Tuesday, May 7, 2013

Training Day Three Hundred Twelve

University, work, deadlines and workouts. Seems like that's all that's going on in my life right now. As you might have guessed, today was no different. I started the morning with preparing for a University assignment, where we are to conduct an interview with a previously injured athlete. After that was done, and after I had spent a good few hours attending a guest seminar, it was time to hit the delts and the calves at Laholms HälsoCenter.

Calves pic taken this morning after breakfast.

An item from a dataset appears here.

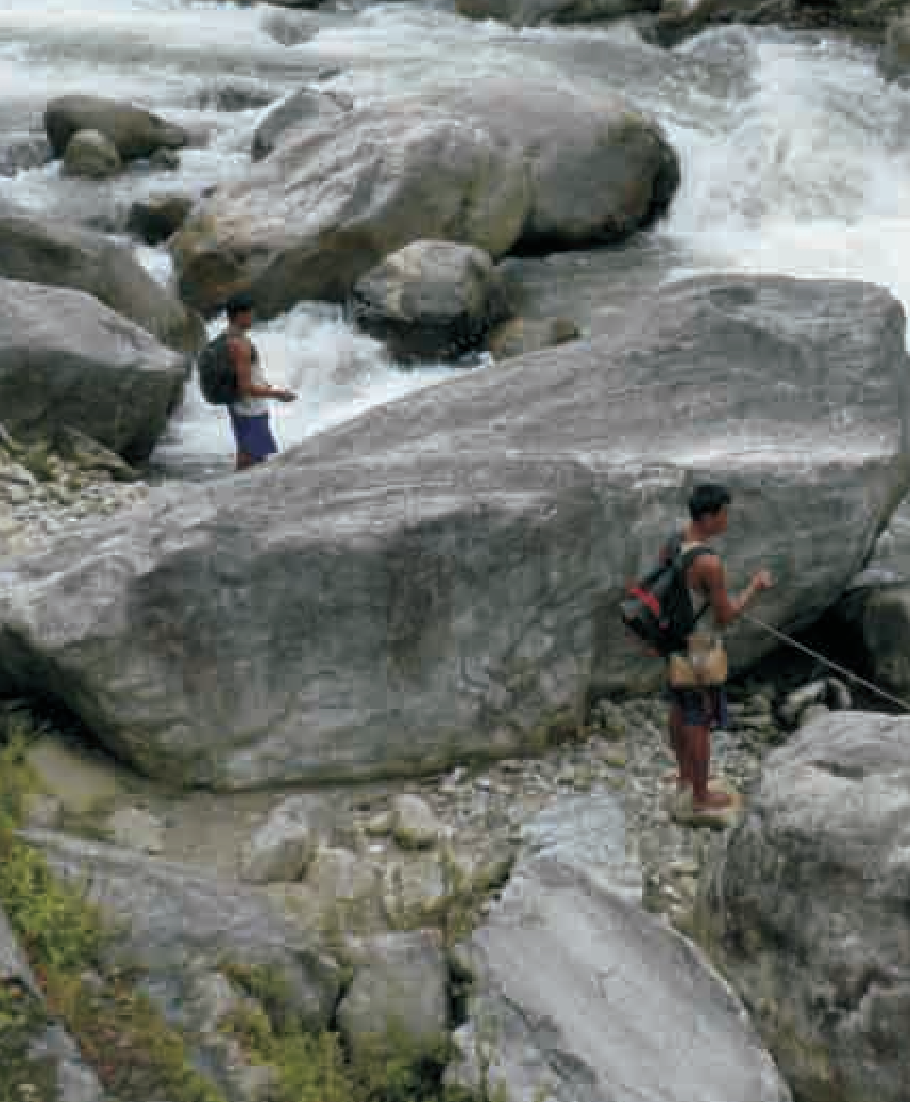
Fishing in river through rod and line in torrential stream

# WORKOUT: DELTS, ROTATOR CUFFS, CALVES


# One Arm Cable Lateral Raise
- Set 1: 12 x 11 lbs (5 kg)
- Set 2: 12 x 15,4 lbs (7 kg)
- Set 3: 12 x 15,4 lbs (7 kg)
- Set 4: 12 x 15,4 lbs (7 kg)
- Set 5: 12 x 17,6 lbs (8 kg)
- Set 6: 12 x 19,8 lbs (9 kg)

# Reverse Fly Machine
- Set 1: 12 x 66,1 lbs (30 kg)
- Set 2: 12 x 72,7 lbs (33 kg)
- Set 3: 12 x 77,1 lbs (35 kg)
- Set 4: 12 x 77,1 lbs (35 kg)
- Set 5: 12 x 81,5 lbs (37 kg)
- Set 6: 12 x 92,5 lbs (42 kg)
 
# Dumbbell 90/90 Standing External Rotation
- Set 1: 12 x 15,4 lbs (7 kg)
- Set 2: 12 x 15,4 lbs (7 kg)
- Set 3: 12 x 22 lbs (10 kg)
 
# Smith Machine Calf Raise / Calf Raise (Superset)
- Set 1: 20 x 44 lbs (20 kg) / 30 x Bodyweight
- Set 2: 20 x 44 lbs (20 kg) / 30 x Bodyweight
- Set 3: 20 x 49,6 lbs (22,5 kg) / 40 x Bodyweight

# MORNING WALK TIME: 44,35 MINUTES


# Workout Notes:
The warmth that is coming along with the sudden increase in sunshine is without a doubt awesome. However, it also takes a toll on the body. The sweating, as well as the need for replenishing fluids, somewhat affects the performance. Today's weather didn't have any major consequences, but the sensation is definitely there. Tomorrow will be a day of rest, and it's probably needed.